À propos des rues de Hünningen …

… Au XIXe siècle, de nombreuses personnes ont émigré vers les nouvelles zones industrielles de la vallée de la Meuse ou de la Ruhr, ou vers l’Amérique, à la recherche d’une vie meilleure et plus facile.

… Jusque dans les années 1950, les jeunes partaient travailler comme valets ou servantes en Wallonie. Leurs revenus contribuaient de manière significative au revenu familial.

… les soldats appelés, qui devaient partir à la guerre tantôt pour l’empereur, tantôt pour le roi, tantôt pour le Führer et la patrie, ont émigré.

…entre 1936 et 1942, de nombreux Juifs ont fui illégalement la terreur inhumaine des nazis en Allemagne (1933-1945) en passant la « frontière verte » pour se réfugier à Bruxelles, Anvers et Londres.
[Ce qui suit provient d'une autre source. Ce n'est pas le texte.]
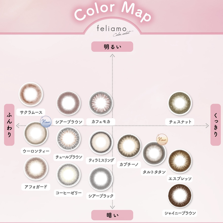 - ※2025年6月以降、商品パッケージ裏面・側面の一部表記を順次変更いたします。尚、これにかかる商品の交換・返品は承っておりません。 どんな瞬間にも溶け込む誰からも愛される瞳へ feliamoの由来は felice amore~幸せな愛~ 瞳から愛されオーラを放つ好印象レンズで女性らしさと品を演出。 オンも、オフも、特別な日も。 どんな場面にも溶け込むレンズラインナップで誰からも愛される瞳に。 UV CUT Feature1 肌や瞳に有害といわれ、白内障などの眼病を引き起こす危険性のある紫外線を99%カットします。(UV-A波75%、UV-B波99%カット) イオン性 Feature1 水分を多く含み酸素を通しやすいため瞳にやさしい使い心地で、快適な装用感です。 高含水 Feature1 水分が多く含むやわらかい素材で、快適なつけ心地です。 レンズ構造 Feature1 まぶた側に着色剤を内包しているため、角膜に色素が触れることがない構造を採用しています。 レンズ形状 Feature1 フチを丸みのある形状にすることで自然な装用感を実現しました。 ※装用感には個人差があります。 カラーコンタクトレンズの不適正使用による眼障害の危険性等などがあります。 ●コンタクトレンズは高度管理医療機器です。不十分な洗浄・消毒など不適切なケアや、長時間・交換期間を超えた装用により、アレルギー性結膜炎、角膜感染症、角膜潰瘍等の重篤な眼障害が発生する危険性があります ●ご使用前に取扱説明書を確認してください 使用上の留意事項 ●眼科医院等を受診してからお求めください ●眼に異常を感じたら直ちにレンズ使用を中止し、お近くの眼科等で診察を受けてください ●医師の指示にしたがってご使用ください ●コンタクトレンズを装用する場合、自覚症状がなくても、眼科医院等での定期検査を受けてください ●レンズに不具合がある場合は使用しないでください

… à partir d’octobre 1944, les habitants de ce village ont fui les horreurs d’une guerre terrible qui a atteint le village avec l’offensive des Ardennes. Huit civils ont été tués. Si l’on ajoute les 25 soldats tombés au combat, cette guerre a coûté la vie à un habitant sur dix du village ou à un jeune sur quatre. Une maison sur deux a été endommagée ou détruite.

Sur ces places de Hünningen…

… se sont toujours retrouvées des personnes qui voulaient participer à la vie de leur village.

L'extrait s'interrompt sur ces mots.